Sygnus Credit Investments Limited (SCI) is looking forward to increased regional investments with US$3.90 million in dry powder on its balance sheet, at the end of Q1 Sep 2020.
Additionally, the company had US$5.0 million in undrawn credit facilities, for a total of US$8.9 million available for investments.
Directors said, in comments attached to the quarter’s results, that SCI had adequate available capital to finance the US$4 million in investment commitments at the end of the quarter, and new investment opportunities that were going through credit approval.
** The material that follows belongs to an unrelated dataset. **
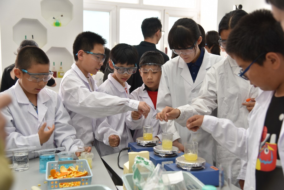 化学学院的关妍老师早早就到了学院门口,等待着小雏鹰们的到来。在学院大厅集合后,关老师向大家抛出了一个问题:“同学们,你们知道我手里拿的这是什么吗?”大家顿时安静了下来,看着关老师手中的实验用具,等待着老师的讲解。

However, they note that in order to finance SCI’s investment pipeline across the Caribbean region, the company will seek to raise additional capital.
To this end, the Board authorised a capital raise of US$50 million or equivalent local currency, in equity and debt, at a Board meeting held on November 11, 2020. The equity capital will be raised via an additional public offering (APO), which was approved by shareholders at an extraordinary general meeting held in September 2020.
Directors stated, “SCI is far advanced with the prospectus for the APO, a draft of which was filed with regulators.”
They said SCI will seek raise additional capital via the debt markets to complete the US$50 million capital raise after exhausting the equity capital from the APO
Directors said the authorised raise of US$50 million equivalent in equity and debt capital is to finance SCI’s continued private credit expansion across the Caribbean region, with a material pickup in demand for flexible debt capital by high-quality middle-market businesses.
For the three months ended September 30, the company reported record core revenues and a 51 per cent increase in net profits.
SCI’s core revenues, or total investment income, grew by 19.8 per cent or US$216.4 thousand to a record US$1.31 million, for the three months ended September 30, compared with US$1.09 million for the three months ended September 30, 2019.
Of SCI’s core revenues, 98.2 per cent were comprised of net interest income.
SCI’s core earnings, or net investment income, grew by 3.9 per cent or US$31.8 thousand, to US$839.0 thousand for Q1 Sep 2020, versus US$807.2 thousand for Q1 Sep 2019.
Net profit attributable to shareholders grew by 51.1 per cent or US$269.9 thousand to US$797.8 thousand for Q1 Sep 2020, versus US$527.9 thousand for Q1 Sep 2019.
This increase was primarily driven by larger management fees due to a 71.9 per cent increase in assets under management, and corporate services fees which began accruing on January 1, 2020.
Management fees (64.5 per cent) and corporate services fees (12.5 per cent) were a combined 77.0 per cent of total operating expenses.
Management fees were US$303.0 thousand for Q1 Sep 2020, up 51.0 per cent or US$102.3 thousand higher than the US$200.7 thousand for Q1 Sep 2019.
SCI’s non-performing investment rate (NPI) was 2.3 per cent of SCI’s total Portfolio Company investments. This represented one portfolio company investment, whose terms are being restructured.
Directors said the investment is fully collaterised and was placed on non-performing status in March 2020.
“SCI does not anticipate any realised losses from this investment over the medium term.” The company declared an interim dividend of US$0.00249 per share to all shareholders on record as of September 28, 2020, with an ex-dividend date of September 25, 2020. The dividend was paid on October 16, 2020.